Auch die weiteren Beschwerdeangriffe der Antragsgegnerin greifen nicht durch.

Insbesondere bekämpft sie ohne Erfolg, dass das Familiengericht – zutreffend unter Abzug eines Anreizsiebtels (vgl. dazu BGH FamRZ 2011, 192 m.w.N.) – auf ihren Seiten weiterhin die ihr im abzuändernden Urteil fiktiv beigemessenen 900 EUR netto als Erwerbseinkommen berücksichtigt hat. Die Antragsgegnerin hat eine diesbezügliche Änderung der für den Vorprozess maßgeblichen und daher für das Abänderungsverfahren grundsätzlich bindenden Verhältnisse bereits nicht ansatzweise substantiiert dargetan. Denn ob der Bindungswirkung steht fest, dass die Antragsgegnerin bei Entfaltung der von ihr geforderten Erwerbsbemühungen eine Stelle in zumindest ungelernter Tätigkeit hätte aufnehmen können. Soweit also die Antragsgegnerin unter Beweisantritt vorträgt, sie habe eine entsprechende Anstellung nicht finden können, ist dies rechtlich unerheblich. Belastbare Anhaltspunkte dafür, dass sie im streitgegenständlichen Unterhaltszeitraum abweichend vom vorangegangenen Zeitraum (vgl. BGH FamRZ 2010, 538) einer solchen ungelernten Tätigkeit seit Beginn des hier in Rede stehenden Unterhaltszeitraums nicht mehr hätte nachgehen können, weil sie eine entsprechende Stelle zwischenzeitlich verloren hätte oder hätte aufgeben müssen, sind weder vorgetragen noch ersichtlich. Der in diesen Zusammenhang gestellte Hinweis der Antragsgegnerin auf erlittene ehebedingte Nachteile steht ihrer Erwerbsobliegenheit ebenfalls nicht entgegen; ihnen war – wie im abzuändernden Urteil geschehen – dadurch Rechnung zu tragen, dass keine Begrenzung ihres Anspruchs auf nachehelichen Unterhalt ausgesprochen worden ist.
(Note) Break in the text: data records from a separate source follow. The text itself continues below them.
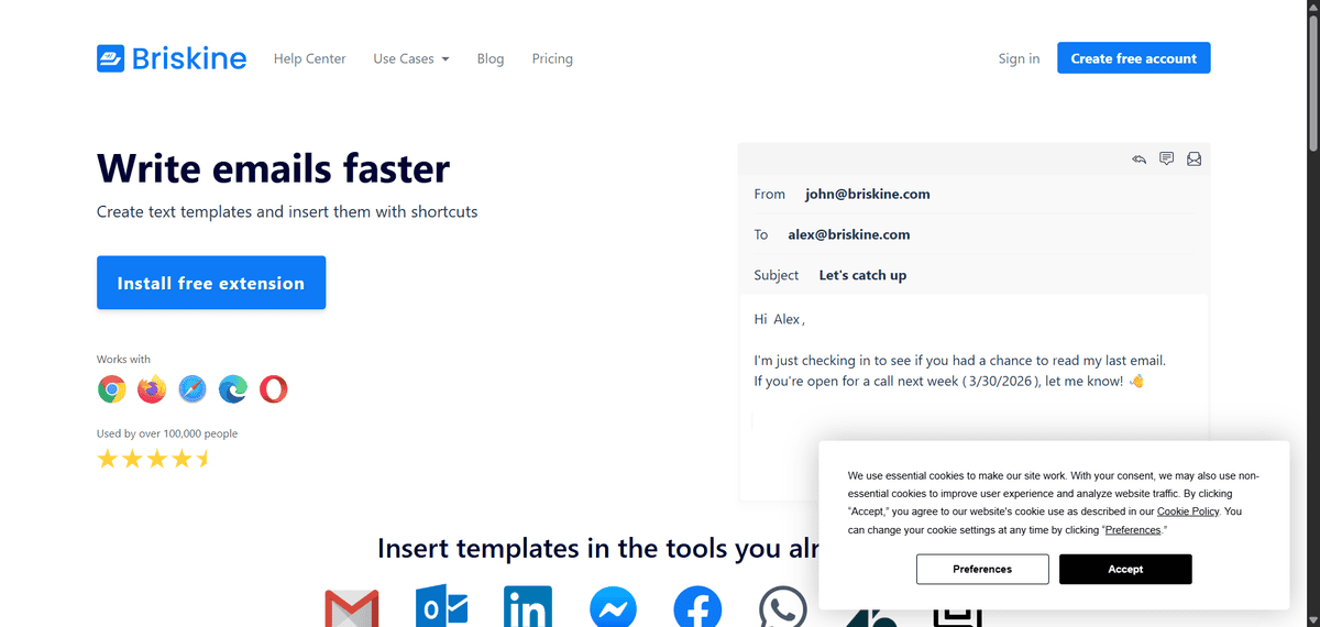Briskine is a browser extension that turns repetitive email writing into a simple keyboard tap, saving you hours each week on customer support, sales follow-ups, and daily communication.
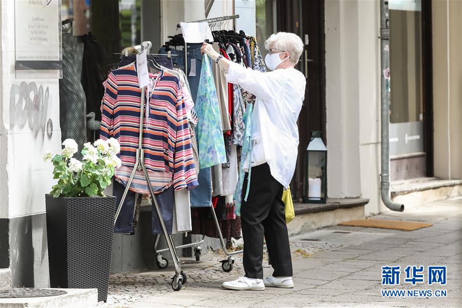 7月7日,一名佩戴口罩的女子在德國(guó)首都柏林的一家商店外挑選衣服。針對(duì)有地方官員呼吁取消民眾乘坐公交車和在商場(chǎng)購(gòu)物時(shí)須戴口罩的規(guī)定,德國(guó)聯(lián)邦政府6日表示,支持延續(xù)“口罩強(qiáng)制令”。4月底,德國(guó)全部16個(gè)聯(lián)邦州陸續(xù)出臺(tái)“口罩強(qiáng)制令”,即居民在乘坐公交車和購(gòu)物時(shí)須佩戴口罩。新華社記者單宇琦攝
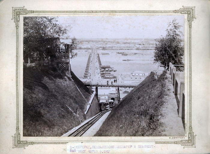 Вид на Похвалинский элеватор и плашкоутный мост. к. XIX в. г. Нижний Новгород
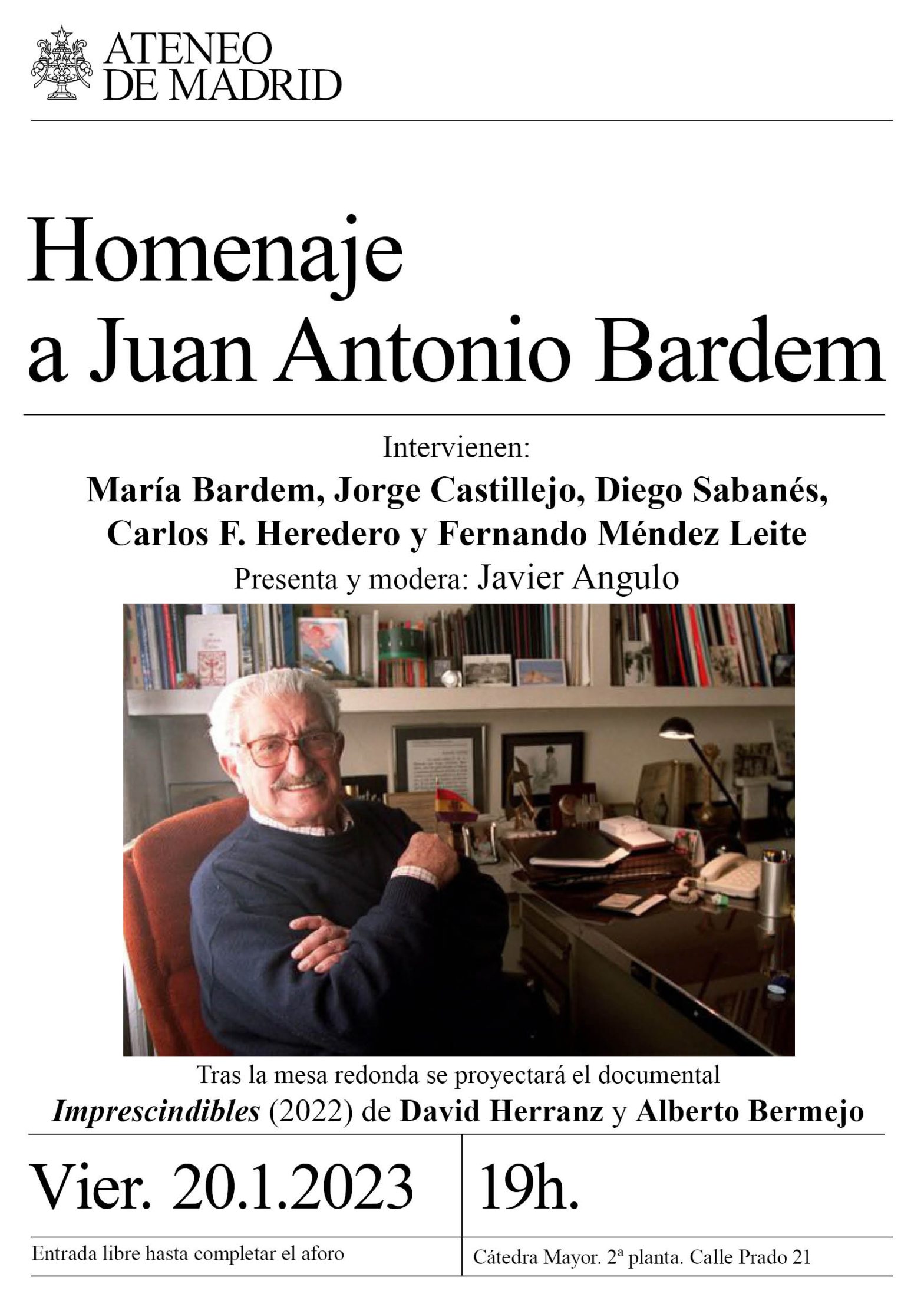 Intervienen: Maria Bardem, Jorge Castillejo, Diego Sabadés, Carlos F. Heredero y Fernando Méndez Leite. Presenta y modera Javier Angulo. Tras la mesa redonda se proyectará el documental «Imprescindibles» (2022) de David Herranz y Alberto Bermejo. Cátedra Mayor. 19h.
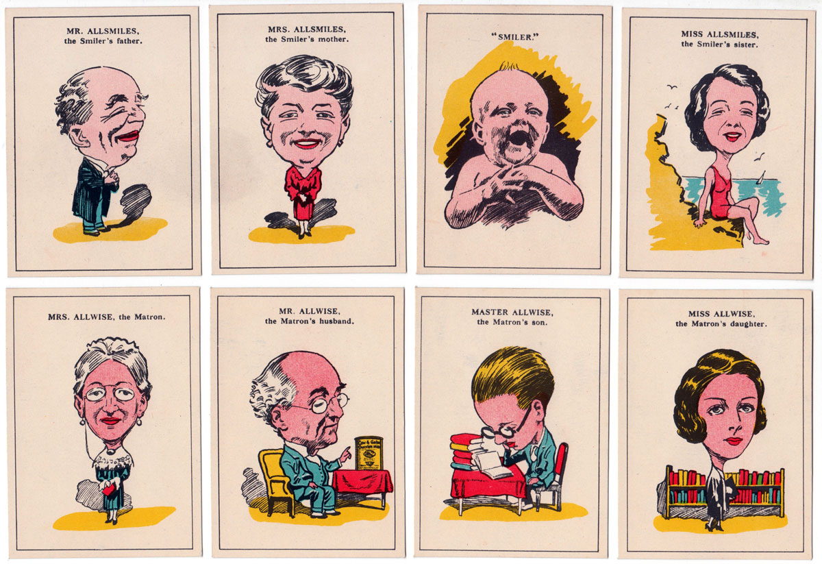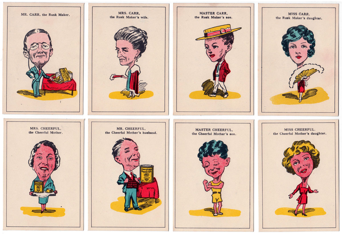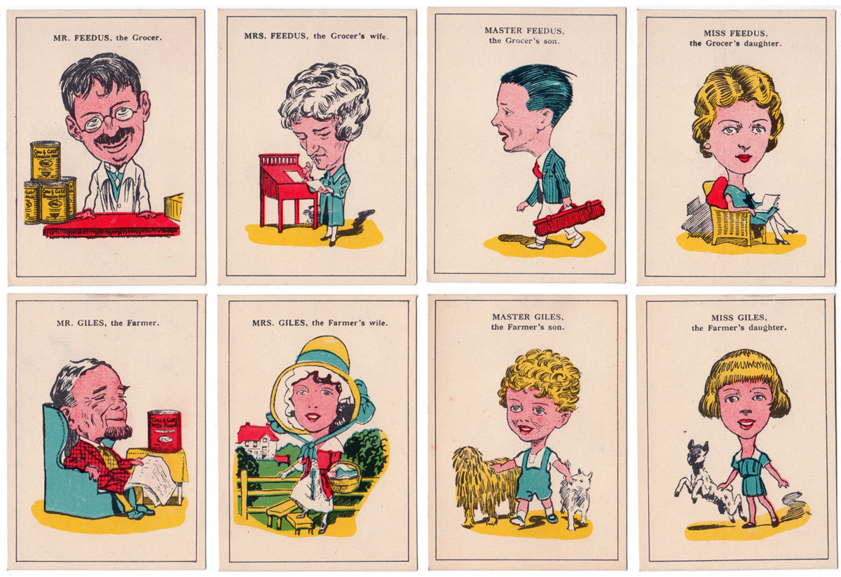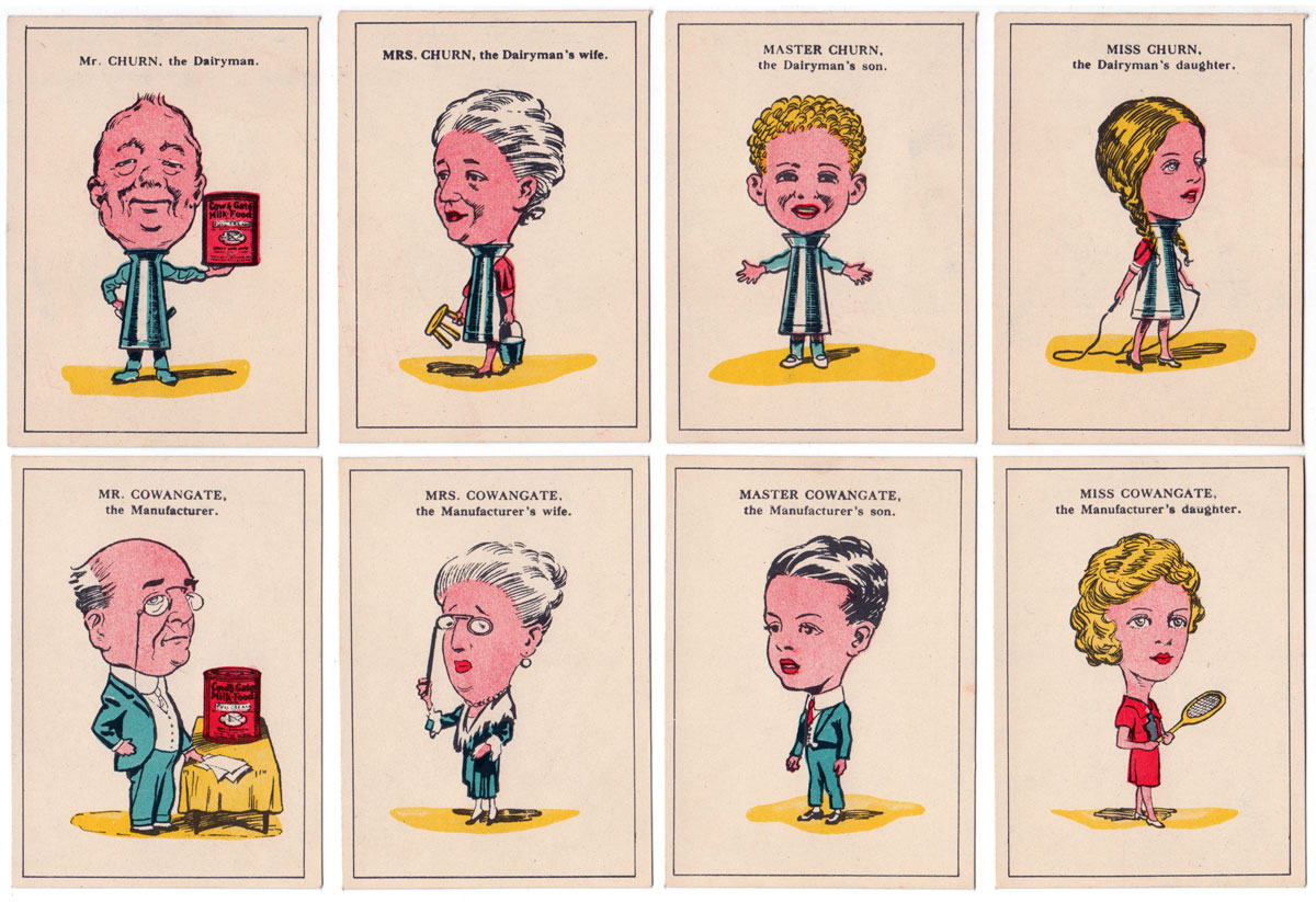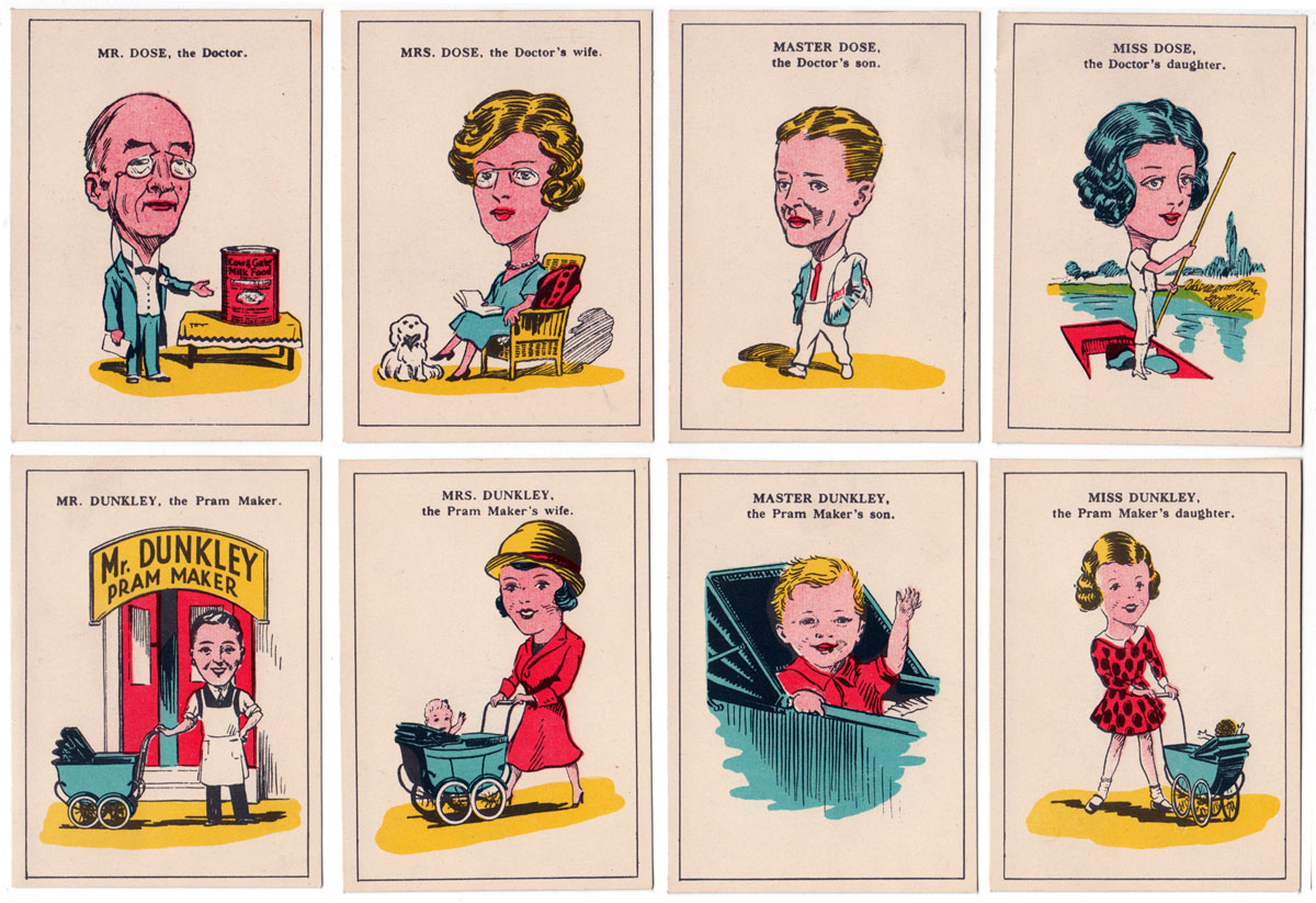 Cow and Gate Happy Family game was issued in 1928. The game comprises sets of four family members. Some of the family members also feature Cow & Gate nutrition products.

Vergebens führt die Antragsgegnerin schließlich Treu und Glauben ins Feld, weil der Antragsteller aufgrund des Rentnerprivilegs die nicht um den Versorgungsausgleich gekürzte Rente beziehe und daher von den der Antragsgegnerin im Wege des Versorgungsausgleichs übertragenen Rentenanwartschaften profitiere, während die Antragsgegnerin nicht einmal über den Selbstbehalt verfüge. Die Regelung des § 5 VAHRG a.F. dient der Vermeidung einer Doppelbelastung durch einseitige Kürzung der Versorgung – ohne gleichzeitige Begünstigung des Berechtigten – und zusätzliche Unterhaltsverpflichtung gegenüber dem Berechtigten. An dem Vorteil der unterbleibenden Kürzung hat auch der Ehegatte – hier die Antragsgegnerin – teil, dem durch den Versorgungsausgleich Anwartschaften übertragen werden; denn er erhält den Unterhalt aus der ungekürzten Versorgung des unterhaltspflichtigen Ehegatten. Der Senat vermag daher keinen Anlass für die Anwendung von § 242 BGB zu erkennen.

Nach Maßgabe dessen ergibt sich folgende Unterhaltsberechnung:

½ * (1.736,65 EUR – 6/7 * 900 EUR) = 482,61 EUR, rund 483 EUR .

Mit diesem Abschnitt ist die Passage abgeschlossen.